Prediction of PCR amplification from primer and template sequences using recurrent neural network

Latest Research

PCR is one of the basic technologies commonly utilized for genetic as well as pathogen-detection testing25,26. Because of its declining cost, determining the base sequence of DNA or RNA subjected to PCR has now considerably increased27,28,29. Furthermore, the development of applied technologies such as real-time and droplet PCRs and the application range of PCR has been expanded even further30,31,32,33. When PCR is used to detect pathogens, specific detection is required. Moreover, such consideration for specific detection can be affected by some base sequence contaminants in processed samples. It is expected that such cases will likely increase if not rectified.

One of the strengths of PCR is that once a DNA is known, a highly sensitive test or method34 can be developed. This can be applied to various test targets over a very short period. It means that a highly sensitive detection becomes possible in a shorter time compared with developing an immunological test or technique. The only disadvantage of PCR method is, when there is a similar sequence between them, there is always a possibility that non-specific bands may be generated35. This can happen as in the case of distinguishing bacteria by targeting a specific molecule that is contained only in ribosomal RNA. In this instance, it is difficult to design primers that enable specific detection because 16s ribosomal RNAs can have similar base sequences with each other36,37,38,39. Thus, a test is required in the presence of a similar nucleotide sequence such as when a specific pathogen is found in a sample in which many other species are mixed.

Major parts of PCR primer design technologies were almost completed in the 1990s40. The primer design technique is based on the stability of the hydrogen bond between the primer and the template based on the nucleotide sequence, and the PCR experiments conducted while examining its stability. Its hydrogen bond stability can be predicted by the free energy calculated from enthalpy, entropy, and absolute temperature41. Early basic experiments42 have proven that one base at 3′ greatly affects the PCR reaction, and primers are designed based on 3′ several bases. Software for verifying the easiness of primer application and for designing primers by extracting the susceptible base sequence from the target base sequence was also developed5,6,43. This primer design software, especially the Primer3, has a very large tracking record.

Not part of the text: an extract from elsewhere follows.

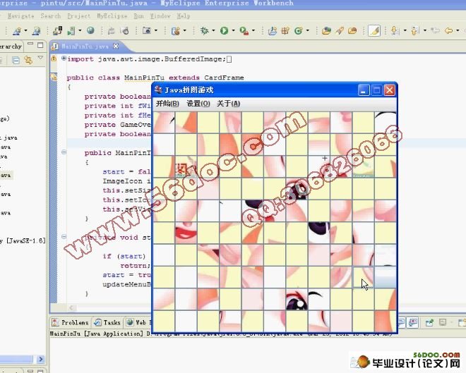 基于Java拼图游戏的设计与实现(含录像)摘 要本拼图游戏是基于J2SE平台开发的,它是一个Application,它的游戏规则和诺亚舟里的拼图游戏是一样的。这个游戏将一张大图切割成N张小图,然后在其中 任意挑出N-1张小图,使它们随机出现在N个位置。通过鼠标或键

Primers designed with Primer3 can amplify target DNA with an accuracy of 80% to 90%. However, even if the conventional primer design algorithm can design the primer that is most likely to cause PCR in the target template, it does not predict the amplification in the template DNA other than the intended one present in the sample. In our preliminary experiment, several Primer3-designed primer pairs amplify all 16sRNA templates regardless of the target DNA on the design of primers. Therefore, for a design of a primer pair that amplifies only the target template with the existence of similar sequences, it is necessary to consider a method different from the previous optimum design.

In the design of PCR primers, it is difficult to compare primer sets relative to each other by the method of selecting the optimum set. When selecting the optimum primer with Primer3 etc., 30 or more indexes are calculated, but a formula that uniformly shows the relationship between those indexes and the actual PCR is not provided7. It is expected that various DNAs in PCR tubes, including templates and primers, and PCR reaction conditions will contribute to the PCR results in different proportions under each condition. For example, the 3′end of the primer is known to have a very large effect on PCR with just a few bases. Although DOP-PCR and similar arbitrary methods are known to nonspecifically amplify a wide range of DNA by matching several bases44. Experiments in the artificial gene synthesis from oligomers have also suggested that the primers are easily elongated when they form dimers21. Not only the binding position of the primer but also the base sequence of the PCR target region may have an influence depending on the annealing temperature. Of course, the base sequences of the primers and templates themselves also affect the results as factors other than mere stability. Thus, to design a primer that performs PCR only on a specific template, not on similar template sequences, it is necessary to consider the unknown number of factors without information about any contribution.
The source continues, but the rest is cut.